From the photos it appears that you have little surface agitation. The gph rating on a filter is when it is empty (no media/sponges). You'll probably find that you're left side of the tank is a big 'dead spot' for flow and will have a lot of detritus settling there. Plus, an extra filter is always a good idea simply for a backup.


----------



## wolfemitch

Think a power head would do the trick?


----------



## Iggy Newcastle

A powerhead will agitate the surface and aid in keeping things from settling.


----------



## CjCichlid

Looking good! I'd add a few shells over to the right side to help tie things together, as it looks a bit segregated now (at least to me).

More filtration is always nice, but in all honestly with regular water changes I think you'll be just fine. A powerhead on the left side wouldn't be a bad idea though..


----------



## wolfemitch

Just wanted to share something that could either go either way in terms of a response. This is my first time setting up a brand new tank without the use of any chemicals or water testing in regards to the cycling except dechlorinator....just to, I guess, test myself. Let me know your thoughts on the steps...

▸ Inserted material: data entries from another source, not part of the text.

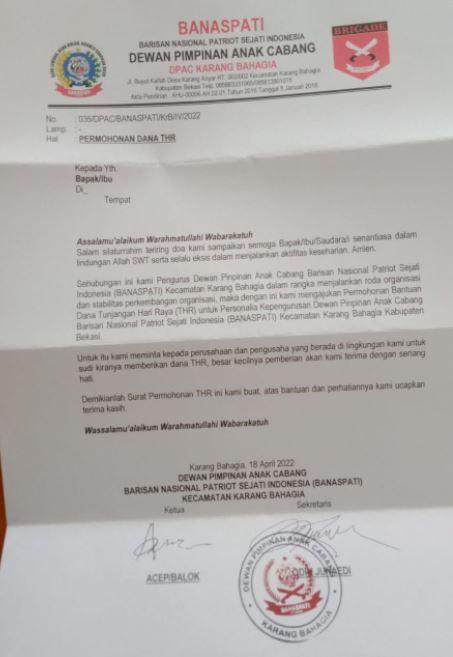 Sebagai informasi, sempat viral di media sosial sejumlah surat edaran permintaan dana THR Idul Fitri 2022 dari ormas ke warga di sekitar Jabodetabek. Adapun surat permintaan dana THR itu di antaranya berasal dari ormas Pemuda Pancasila (PP) Ranting Cengkareng Timur, Jakarta Barat. Menanggapi surat yang viral tersebut dalam dua hari belakangan, polisi memanggil pimpinan Ormas Cengkareng untuk dimintai keterangan.
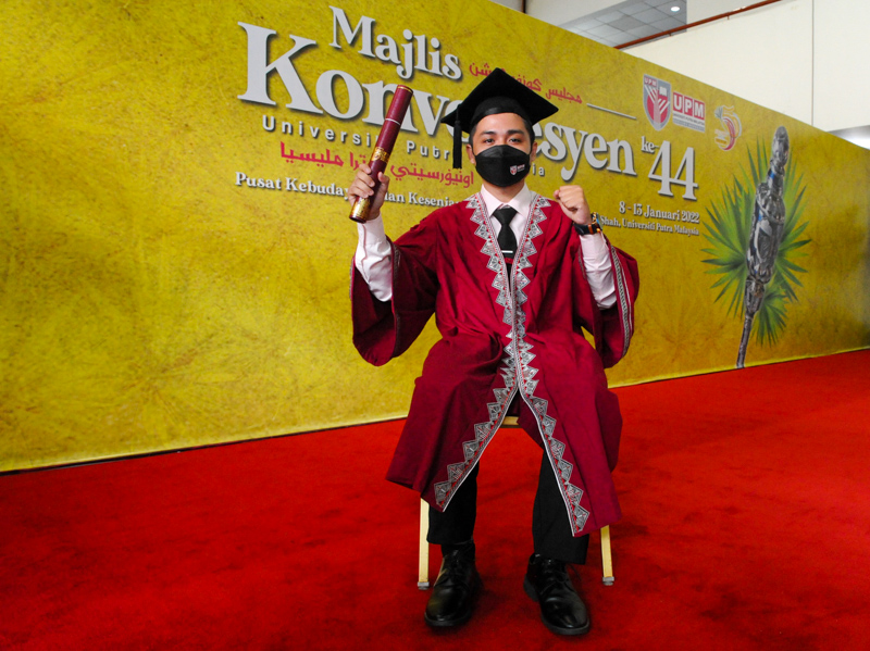 SERDANG, Jan 11 – A disability is not a barrier for Mohammad Izzamuddin Azuddin, 22, to graduate with a Diploma in Agriculture at the 44th UPM Convocation Ceremony 2022 here.
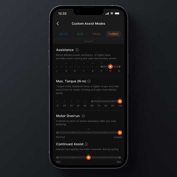 Il sistema Avinox consente una personalizzazione completa delle modalità di assistenza tramite l’app Avinox Ride. Per ciascuna modalità (ad eccezione della Boost) è possibile regolare il livello di assistenza, autonomia, coppia massima, assistenza all’avvio, assistenza continua alla pedalata.
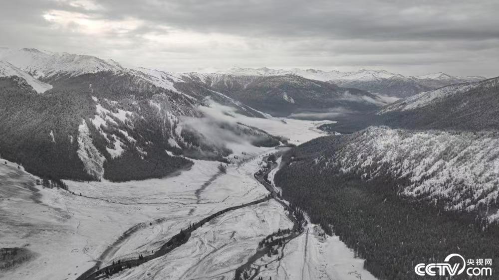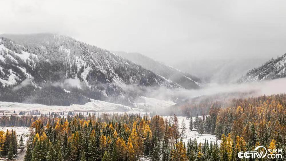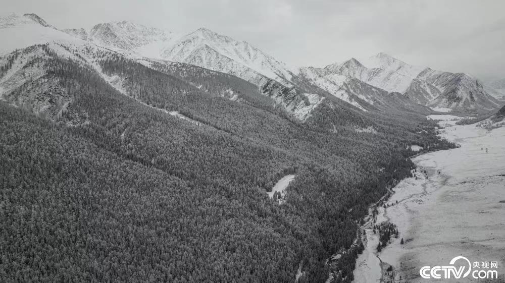 2022年10月18日,新疆阿勒泰地区普遍降雪,部分边境山区中到大雪。大雪过后的中蒙边境前沿,宛如一幅泼墨山水画。
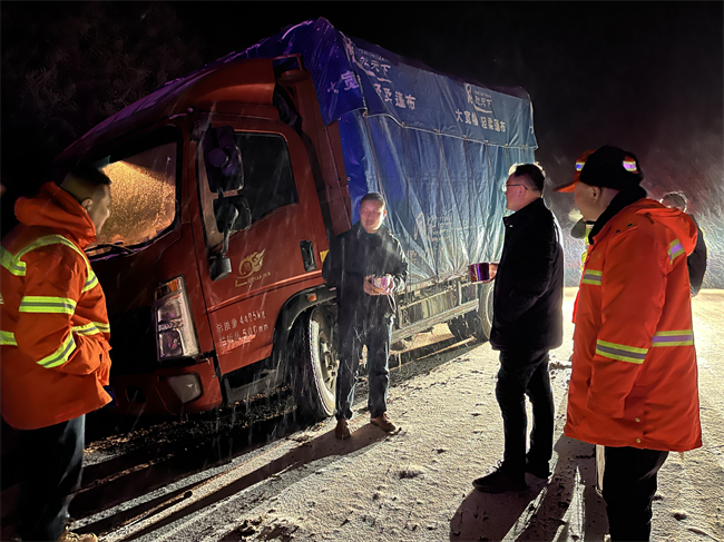 除雪保暢小分隊(duì)為過往受困車輛司機(jī)提供食物、熱水服務(wù)
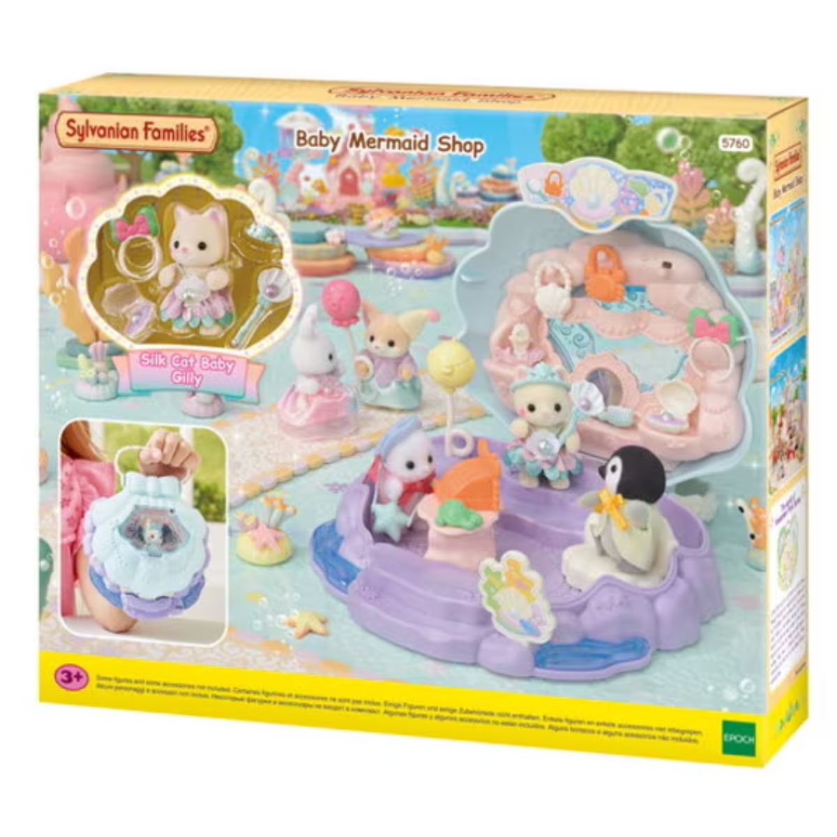 O kit Loja da Bebê Sereia contém uma loja em formato de concha, acessórios com tema oceânico e uma bebê Gato de Seda. Os acessórios podem ser expostos na loja ou usados pelo bebê. Quando a loja é fechada, transforma-se em uma bolsa em forma de concha, com o bebê à mostra! Abra a concha e comece a se preparar para receber os clientes na Loja da Sereia. Assim que todos os acessórios estiverem expostos, é hora de abrir!
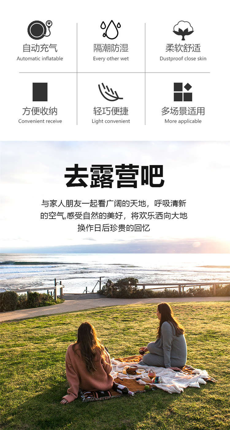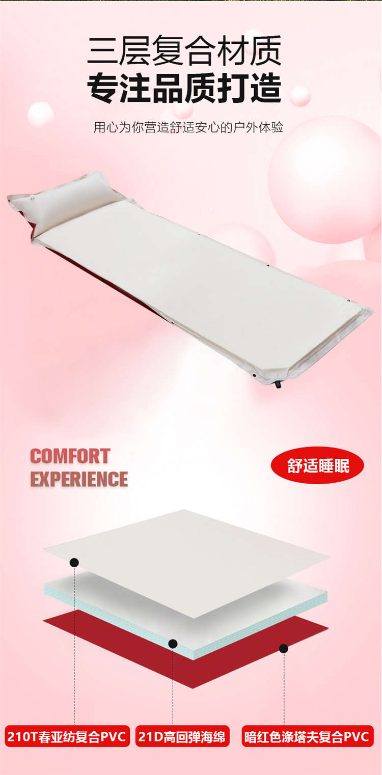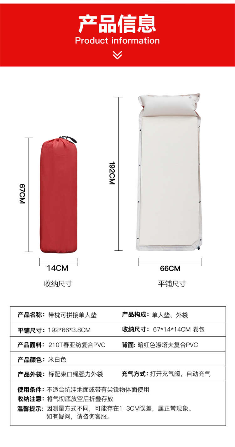商品名称:趣游帮户外带枕可拼接单人垫-米白色192*66cm Y28-D38
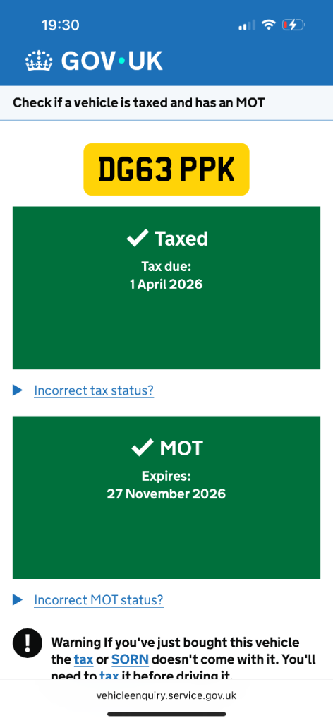 This vehicle has not been reported stolen, scrapped, exported or flagged as unroadworthy.
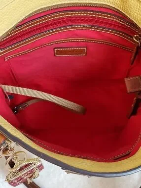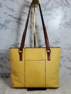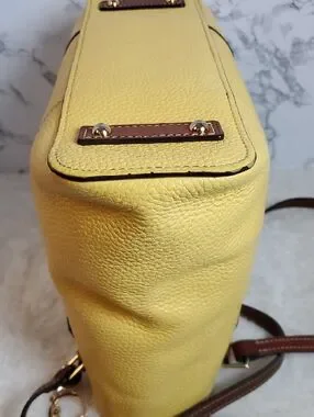 Dooney & Bourke Lexington pebbled leather tote in bright yellow with brown leather straps and trim. Zip top with roomy interior. Gold-tone hardware and a decorative bag charm included. Classic silhouette for daily use. Sold as is!
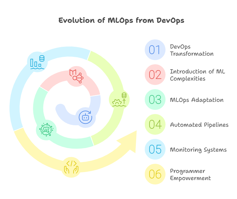 The rise of MLOps is closely linked to the evolution of DevOps in traditional software development. DevOps transformed the way software is built, tested, and deployed by promoting automation, collaboration, and continuous delivery. However, machine learning projects introduce new complexities: data changes over time, models can degrade, and reproducibility is more challenging due to the stochastic nature of training.
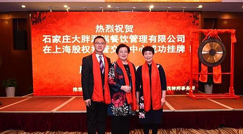 - 2017年7月28日(原标题:热烈庆贺大胖涮锅在上海股交中心成功挂牌上市)2016年3月25日,石家庄大胖涮锅餐饮有限公司在上海股权托管交易中心正式挂牌上市,股权代码“208903”,成为中国首家骨汤火锅挂牌上市的餐饮连锁企业。上海股权交易中心领导为大胖涮锅餐饮有限公司颁发了纪念牌,12点58分,在众人的期待下,董事长成荣芹女士敲响了挂牌上市的锣声,这标志着大胖涮锅成功对接资本市场,成为一家公众型企业,是其进入了一个...
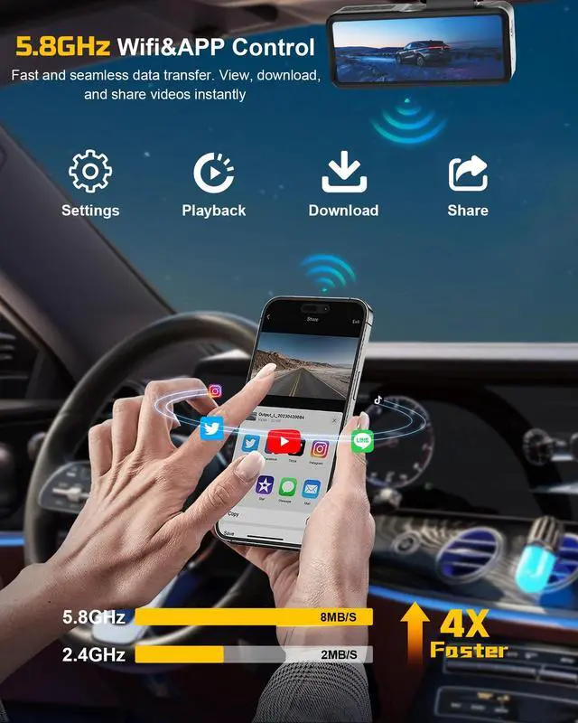 Lightning-Fast 5.8GHz WiFi & Intuitive App: Say goodbye to fumbling with tiny SD cards! Connect to your dash cam effortlessly via superior 5.8GHz WiFi (offering faster speeds and less interference than standard 2.4GHz). Our user-friendly mobile app allows you to:

1) Filled tank with water straight from the hose and added the appropriate amount of "Start Right" while filling to take care of the chlorine
2) As posted before I took two of the four filter cartridges from the filter currently running my 55 gallon and placed them in the back of the new filter
3) Left the hoods off of the tank while water was heating up to naturally evaporate. I let this go on for 4 days. 
4.) Day 5, when the tank reached 80 degrees and stayed consistent, I siphoned approximately 3 gallons from very close to the substrate of my 55. I replaced the naturally evaporated water in the 33L with this siphoned water. 
5.) When I felt comfortable with the new tank, by purely talking myself into it, because I am not a fan of cycling with fish, I worked out a small deal with a fish store to purchase 5 good sized flame tetras for $1 each. The understanding was, I bring back the fish with my water parameters when done cycling. Who can say no to a deal like that, sell the fish, have them brought back with no refund and sell them again...they didn't mind. I felt I had to get some fish in the tank because I new there was no new ammonia present and didn't want the work so far to end and the cycle to die off, this is really what I sold myself on. 
6.) It is now Day 9. No issues at all, Tetras are eating, active, have good coloring and no signs of stress. Fully cycled, not for sure. I am itching to test but I am going to allow it to keep going for a bit.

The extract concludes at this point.